┌─ Information provided

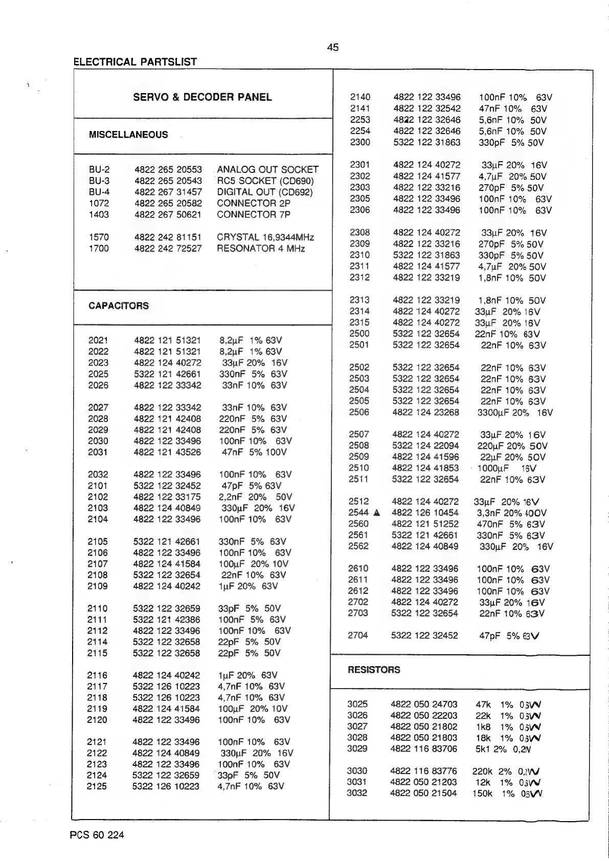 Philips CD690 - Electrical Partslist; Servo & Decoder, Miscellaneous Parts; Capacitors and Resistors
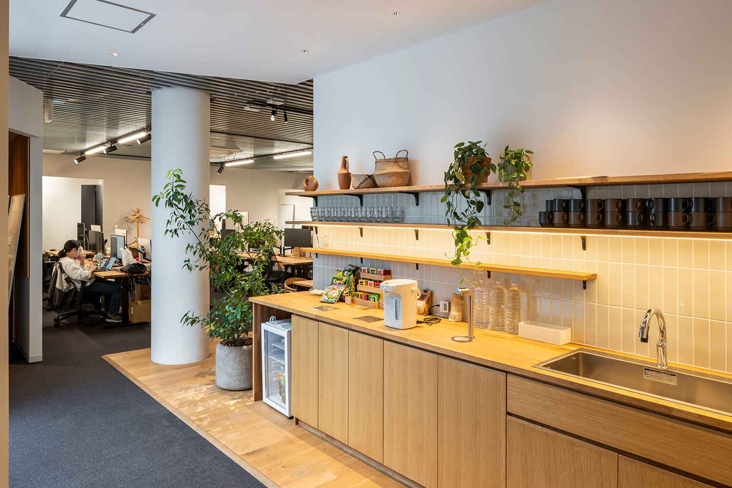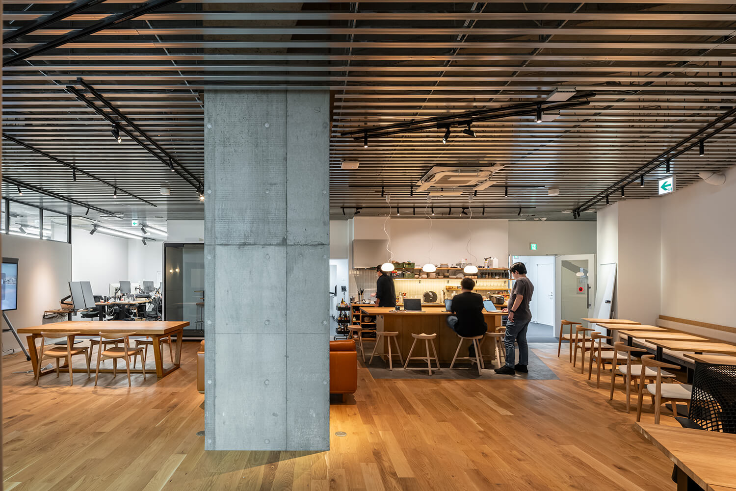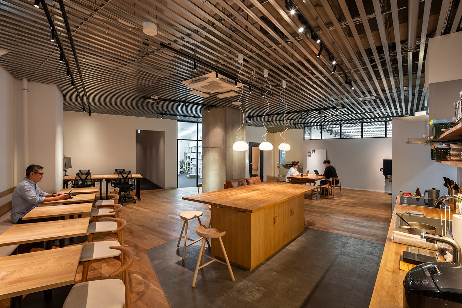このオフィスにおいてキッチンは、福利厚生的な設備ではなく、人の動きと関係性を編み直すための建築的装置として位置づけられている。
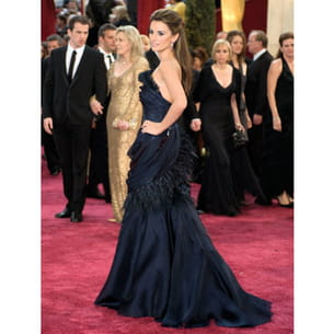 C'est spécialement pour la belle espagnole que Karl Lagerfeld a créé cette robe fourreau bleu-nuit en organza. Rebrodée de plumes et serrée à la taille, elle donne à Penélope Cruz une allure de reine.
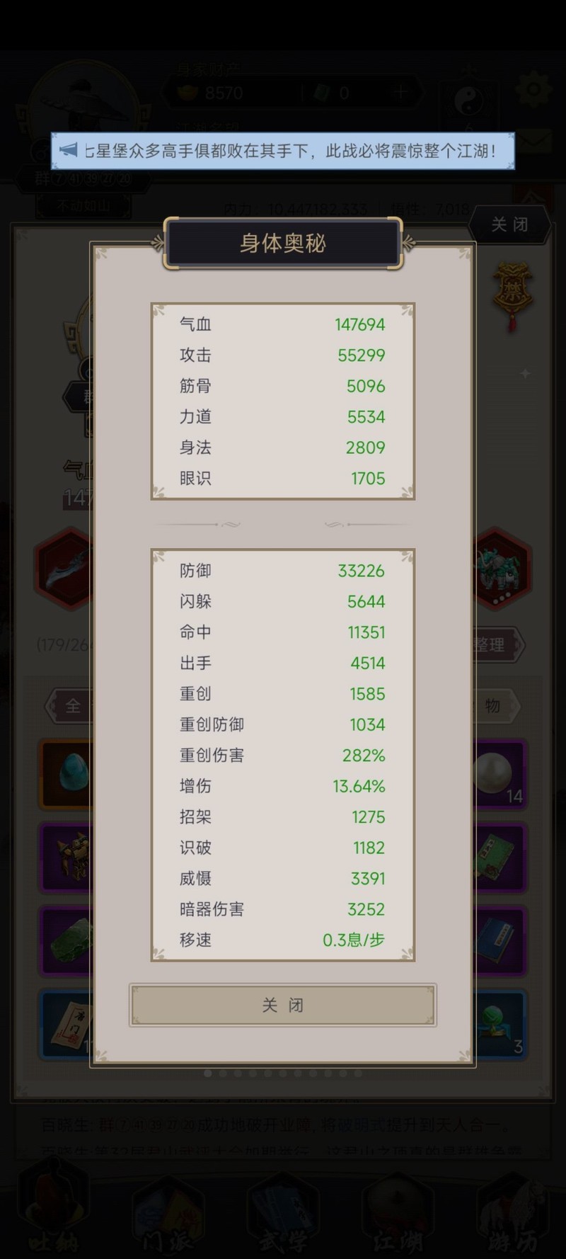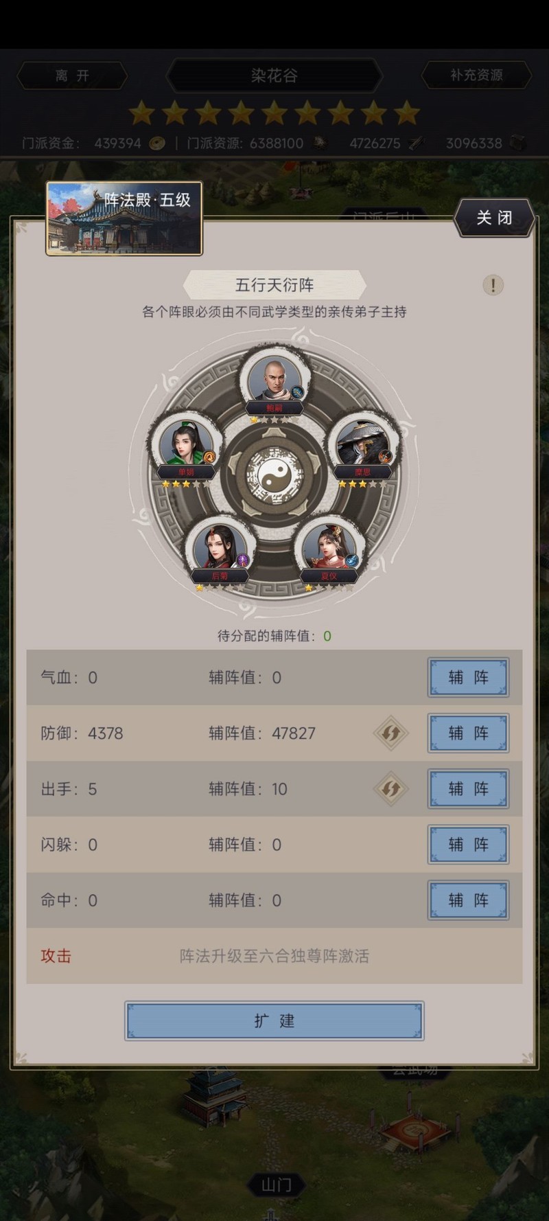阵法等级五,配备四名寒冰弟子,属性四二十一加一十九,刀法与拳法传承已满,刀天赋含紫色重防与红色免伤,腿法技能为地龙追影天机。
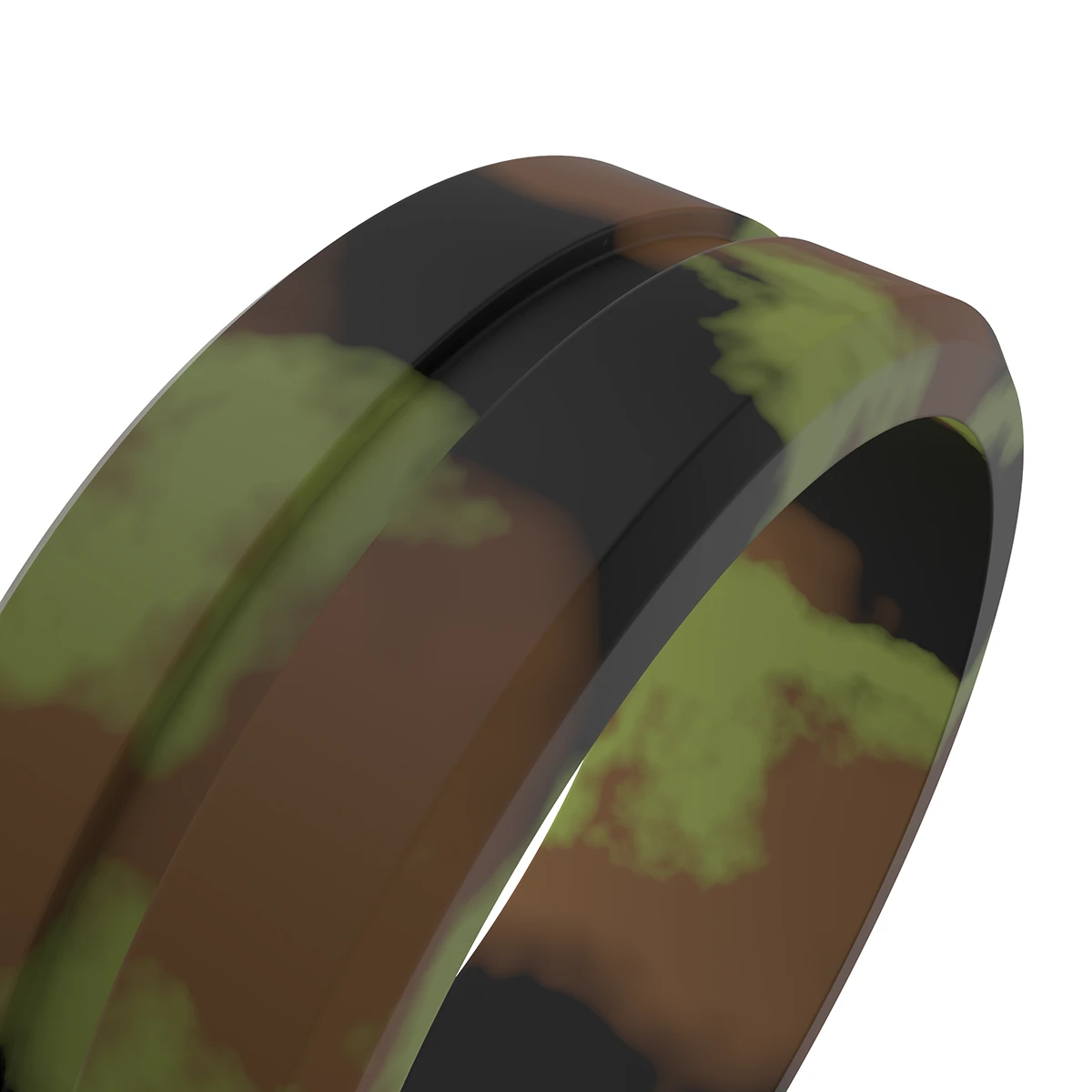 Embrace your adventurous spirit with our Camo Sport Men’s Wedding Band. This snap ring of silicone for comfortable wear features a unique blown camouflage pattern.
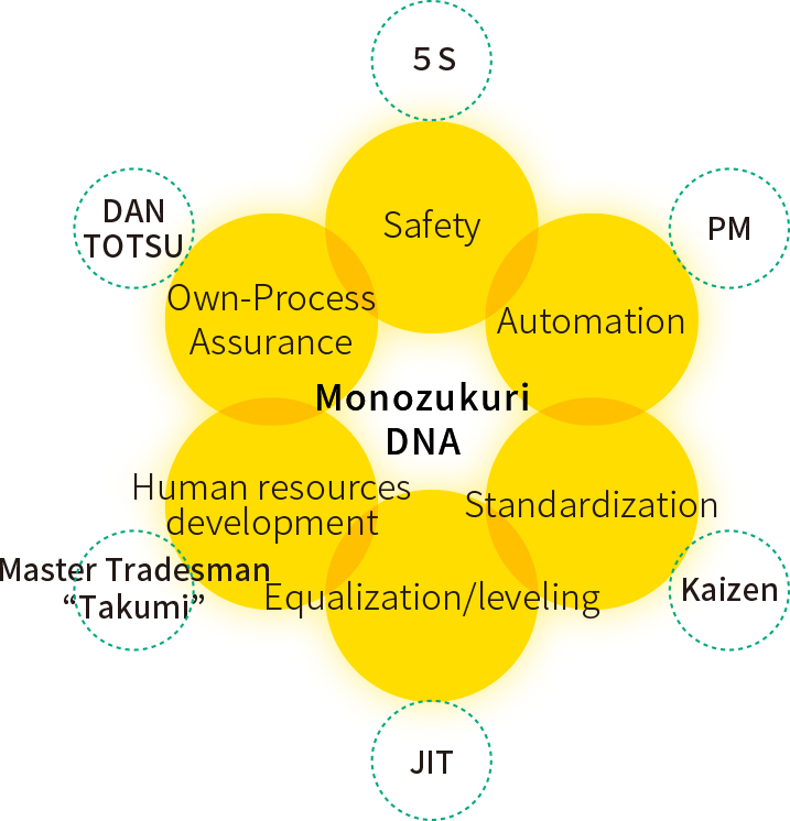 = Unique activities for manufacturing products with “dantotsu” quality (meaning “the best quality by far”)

└─

## Exercise directions
Transcribe each entry exactly, pictures excluded.

## Answer space
 Philips CD690 - Electrical Partslist; Servo & Decoder, Miscellaneous Parts; Capacitors and Resistors
このオフィスにおいてキッチンは、福利厚生的な設備ではなく、人の動きと関係性を編み直すための建築的装置として位置づけられている。
 C'est spécialement pour la belle espagnole que Karl Lagerfeld a créé cette robe fourreau bleu-nuit en organza. Rebrodée de plumes et serrée à la taille, elle donne à Penélope Cruz une allure de reine.
阵法等级五,配备四名寒冰弟子,属性四二十一加一十九,刀法与拳法传承已满,刀天赋含紫色重防与红色免伤,腿法技能为地龙追影天机。
 Embrace your adventurous spirit with our Camo Sport Men’s Wedding Band. This snap ring of silicone for comfortable wear features a unique blown camouflage pattern.
 = Unique activities for manufacturing products with “dantotsu” quality (meaning “the best quality by far”)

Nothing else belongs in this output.